How to Permanently Kill a Zombie Logstash Process in Linux: Complete Termination Guide


2 views



When a Java process like Logstash refuses to die despite SIGTERM/SIGKILL signals and even survives reboots, you're dealing with either:

  • A process manager respawning it
  • A zombie process situation
  • Init system interference

First verify if it's being respawned by monitoring process ancestry:

# Check process tree
pstree -p 2591
ps -ef --forest | grep logstash

# Check service status
service logstash status
chkconfig --list logstash

1. Disable the Service First

# For SysV init systems:
service logstash stop
chkconfig logstash off

# Alternative forceful method:
update-rc.d -f logstash remove

2. Nuclear Termination Sequence

When standard methods fail:

# Find all related processes
pgrep -f logstash | xargs kill -9

# Kill entire process group
pkill -9 -g [process_group_id]

# Remove PID files manually
rm -f /var/run/logstash/logstash.pid

3. Advanced Systemd Tactics (if applicable)

systemctl stop logstash
systemctl disable logstash
systemctl mask logstash  # Prevents all future starts
# Verify no Java processes remain
ps aux | grep '[j]ava'

# Check for orphaned file handles
lsof +L1 | grep logstash

# Clean up temporary files
find /tmp -name "*logstash*" -exec rm -rf {} \;

For processes that respawn after reboot:

# Check cron jobs
crontab -l
ls -la /etc/cron*

# Verify rc.local
cat /etc/rc.local

# Check user profiles
cat ~/.bashrc
cat ~/.bash_profile

When all else fails:

# Use gcore to dump core and kill
gcore 2591
kill -9 2591

# Mount namespace isolation
nsenter -t 2591 -m -p -- kill -9 1

# Kernel-level process termination
echo 1 > /proc/2591/oom_adj


When a Java process becomes completely unresponsive to SIGTERM and even SIGKILL (-9) signals, and worse - keeps respawning after termination attempts, you're dealing with what we call a "zombie process on steroids". This particular case involves Logstash 5.0.0~alpha5 running on RHEL 6.7 with OpenJDK 1.8.0_101.

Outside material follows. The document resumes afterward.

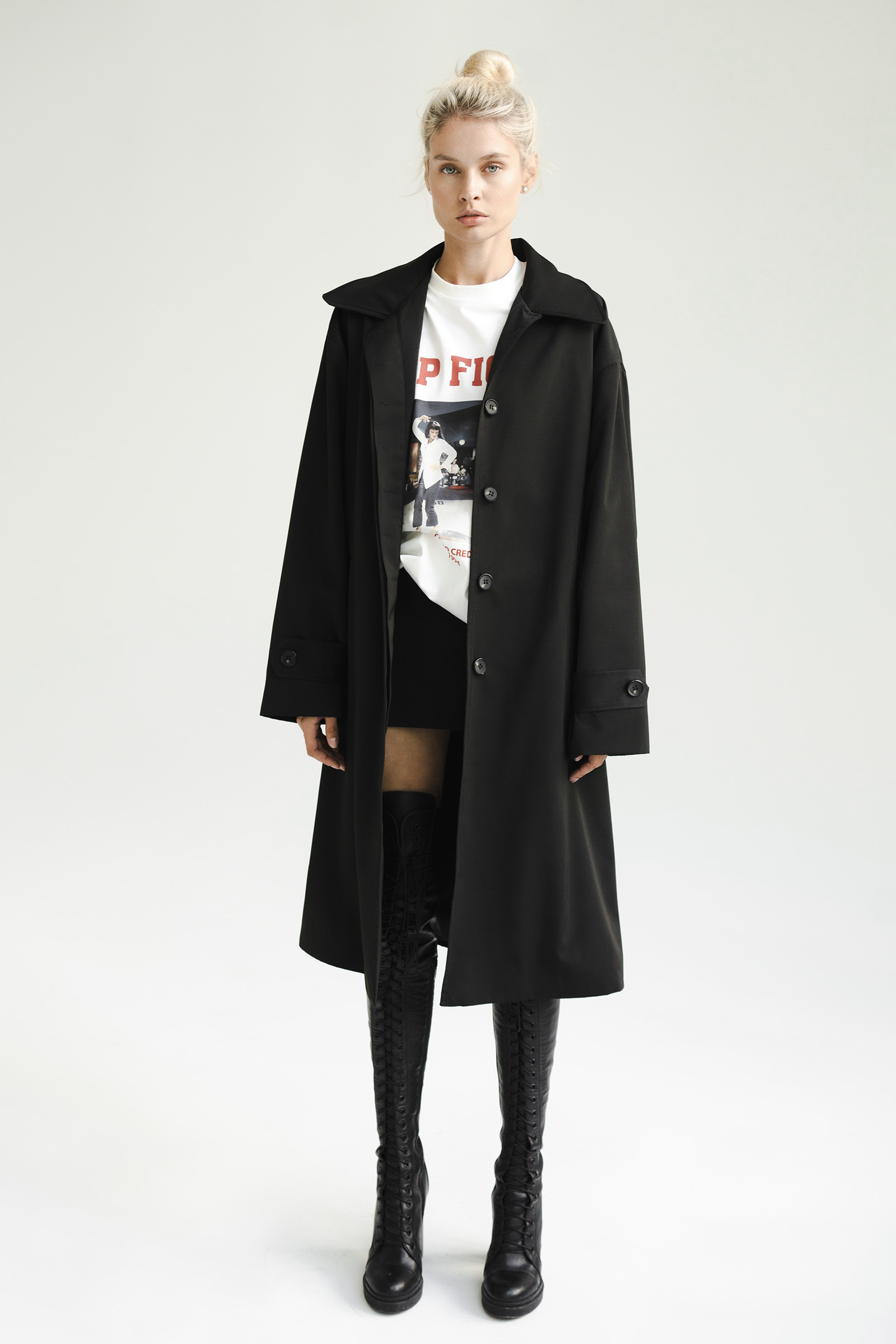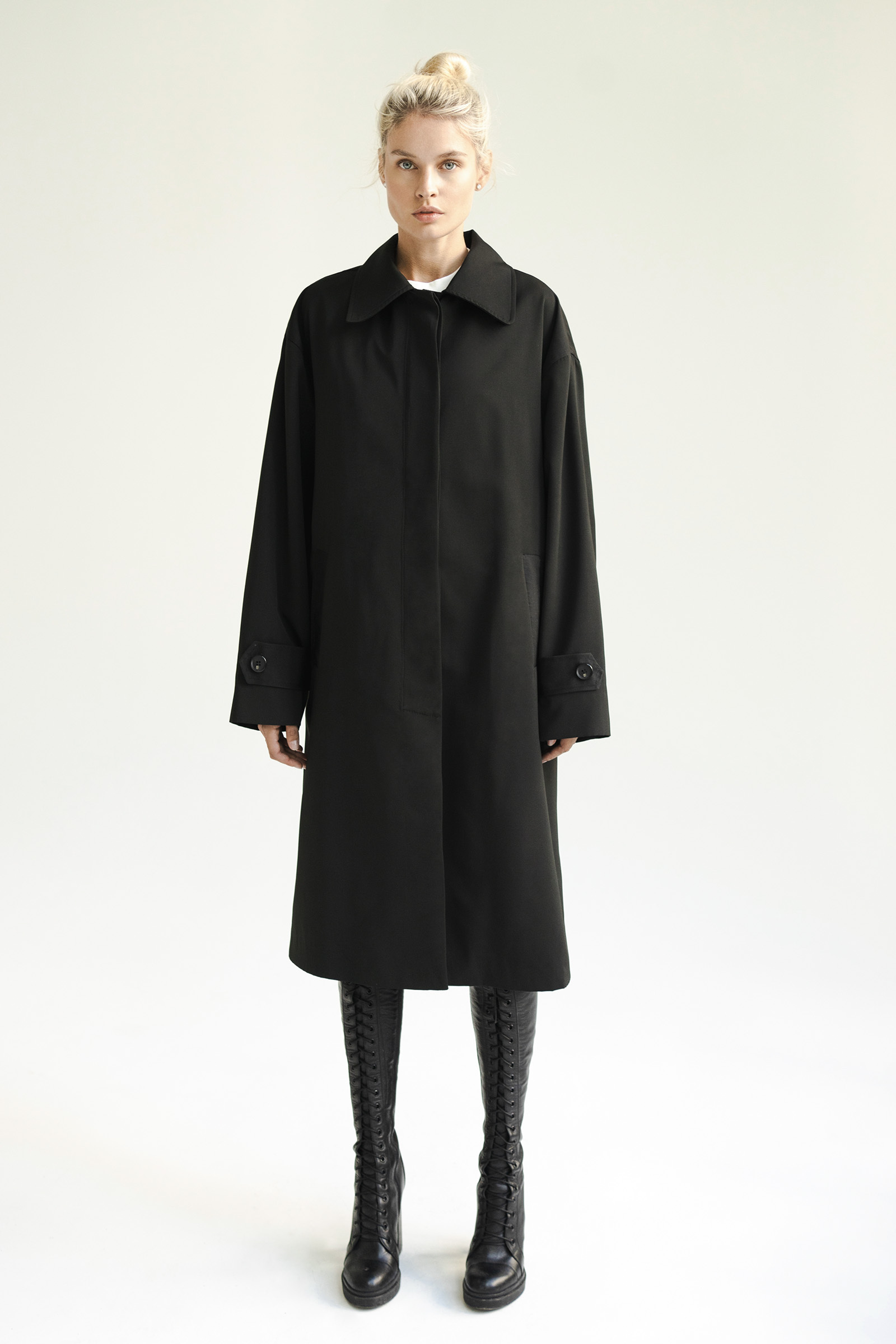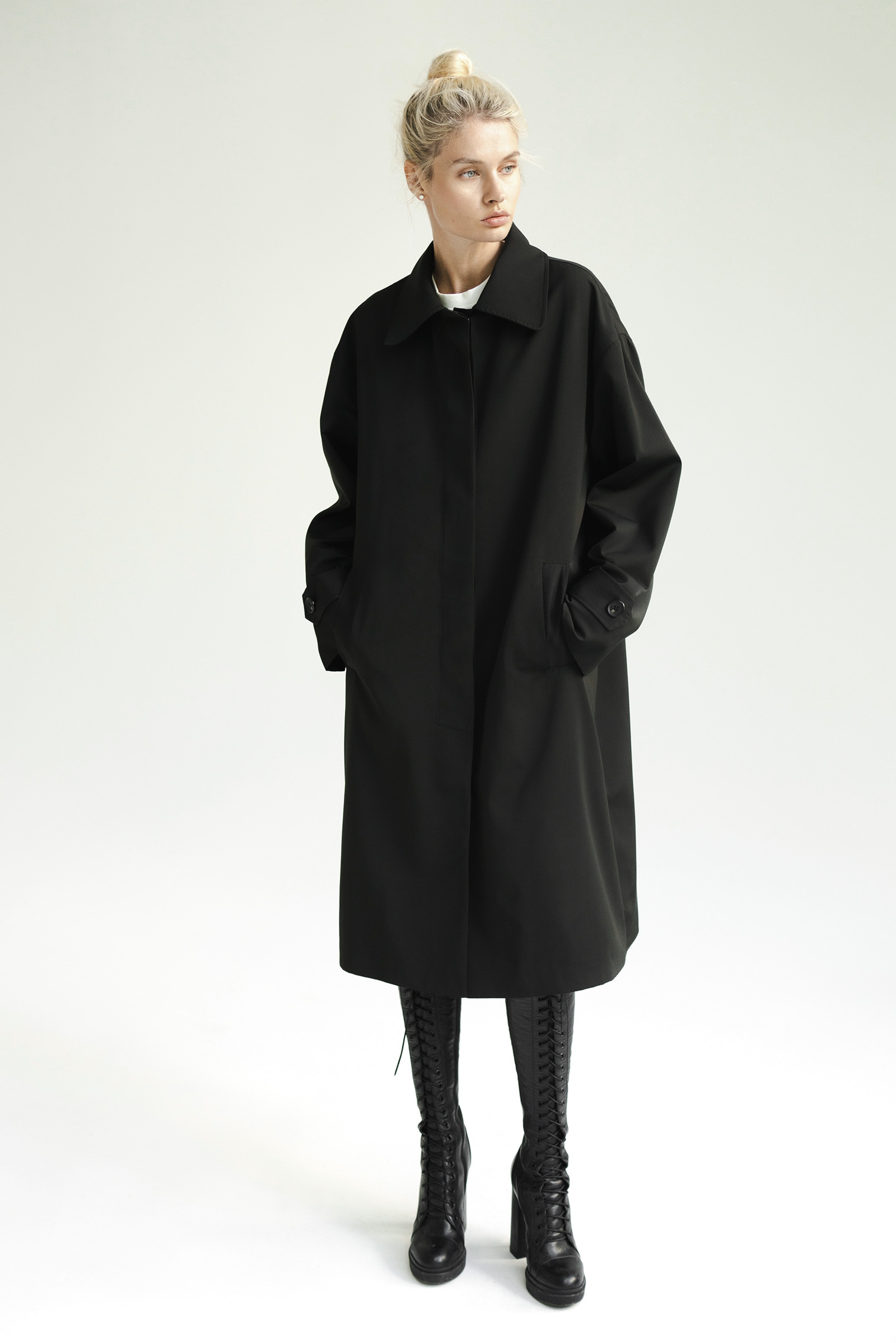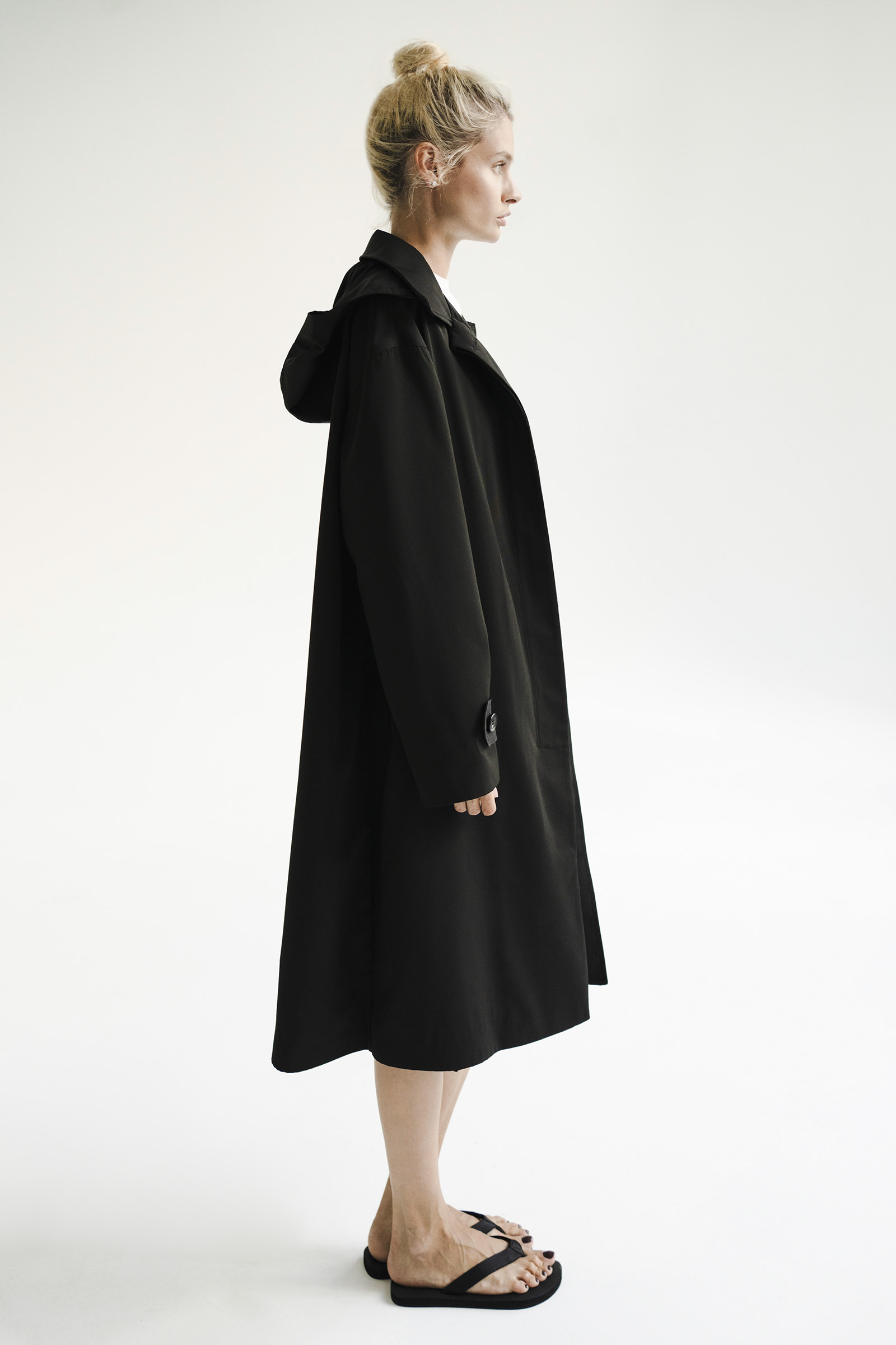 A trench coat with a dropped shoulder line, a hidden button placket, and a detachable hood, featuring two side inset pockets. The model is crafted from a waterproof material. Lining: 100% viscose.

The key indicators from your logs show this behavior:

Sep 15 13:22:17 test init: logstash main process (2546) killed by KILL signal
Sep 15 13:22:17 test init: logstash main process ended, respawning

This reveals the process is being managed by init (probably upstart or sysvinit) which automatically respawns killed processes. The process itself might also be forking child processes that survive the kill attempt.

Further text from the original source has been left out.